The market is a hostage to the price of oil and will not rebound until there is a floor. The uncertainty of where that floor is needs to end.
 
Sometimes we "need" the disaster to happen...it might royally suck in the short-term, but in the long-term, we will be better off.
 
my guess is that the first removal/casualty of the price action will be the Canadian Oil sands as this is the least desirable form of crude and most expensive to produce.

What's interesting that in NJ we used to be fed Brent North Sea oil to our local refineries. We are now receiving North Dakota Bakken oil via rail - through Canada then through Albany.
 
Well to be honest - I dont think you are going to remember to come here in 15 years to rip on me if I am wrong.

Lol, good strategy, but you don't know me very well. I have an excellent memory for useless stuff like this - I still rip old friends for dumb stuff they said or did back in high school.

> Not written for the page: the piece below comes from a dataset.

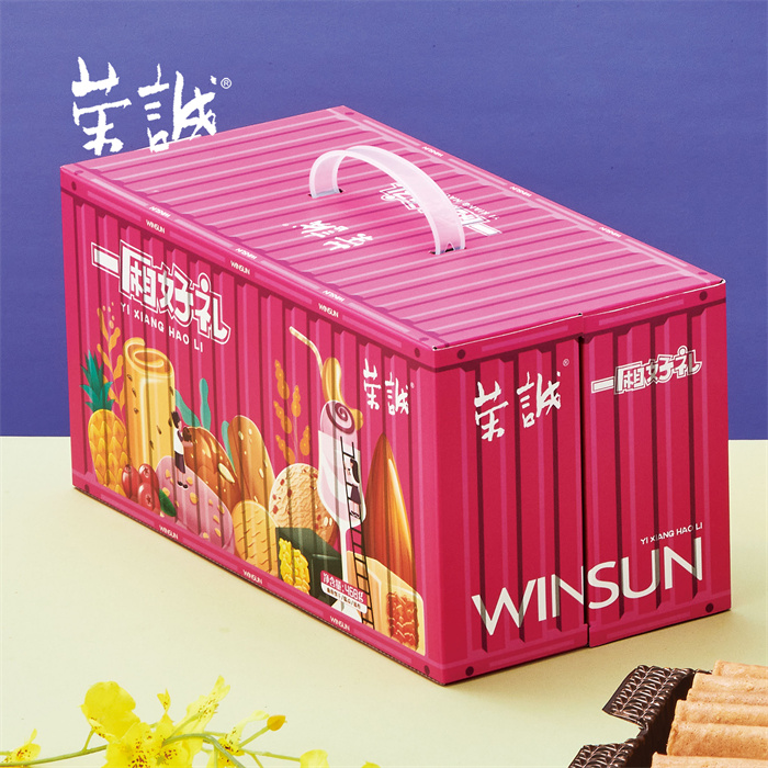 【編 碼】 CGZ2506 【條形碼】 6925755536809 【尺 寸】 32x16x16cm 【凈含量】 468g 【規 格】 468gx12盒/箱 【內容物】  13.5g澳式金泊雞蛋卷(芝麻原味)x12,13.5g澳式金泊雞蛋卷(咸蛋黃)x6,13.5g澳式金泊雞蛋卷(海苔)x6,10g香焙花生酥x4,10g香焙蔓越莓酥x4,8g原味奶油曲奇x4,8g巧克力味曲奇x4

Anyway, about 5 years will be good enough to show no movement toward that prediction.

No big deal, I took that Prius comment as you coyly backing off the 15-year projection.
 
The Bolt won't be a game changer - or a "big step." In fact, it's a pretty awkward product - too little car for too much price, a slightly more attractive, more practical Nissan Leaf. 200 miles may look good compared to older EVs, but it's still way too low, before we even talk about the underdeveloped charging network, lengthy charging times - and bad timing, as per this thread. Even the debut was a yawn - it debuted at the Consumer Electronics Show and still managed to be one of the least interesting cars there. Pretty far down the list at the Detroit auto show, too.

Chevy can't even move the Volt, a more practical all-around car that's an established name and is now like $25K after rebate. How can you expect it to make big strides with a $30K all-electric Bolt?

Expect it to take 350+ miles or so, a more universal charging network, sub 10-minute charging times (without any of the ...80 percent full crap), and a more practical car with pricing semi-competitive with its gas equivalents before we even start daydreaming about a "game changer." Then we can wait for a whole market of similar cars before "mass adoption" is a term worth bringing up. Our best-selling car is still a pickup truck.

Plug-ins as a whole (which includes plug-in hybrids as well as EVs) made up less than 1 percent of 2015 US car deliveries, and 1 percent is considered good. If people were anywhere near as eager to embrace EV tech as you suggest, they'd have been eating up plug-in hybrids for at least the past two or three years. They offer a great alternative right now, giving you everyday electric driving, excellent fuel economy, no range anxiety, decent sticker prices, and a car you can drive straight across the country if you want. Yet we're not interested. I'd put that 15-year projection right back in the vault if I were you.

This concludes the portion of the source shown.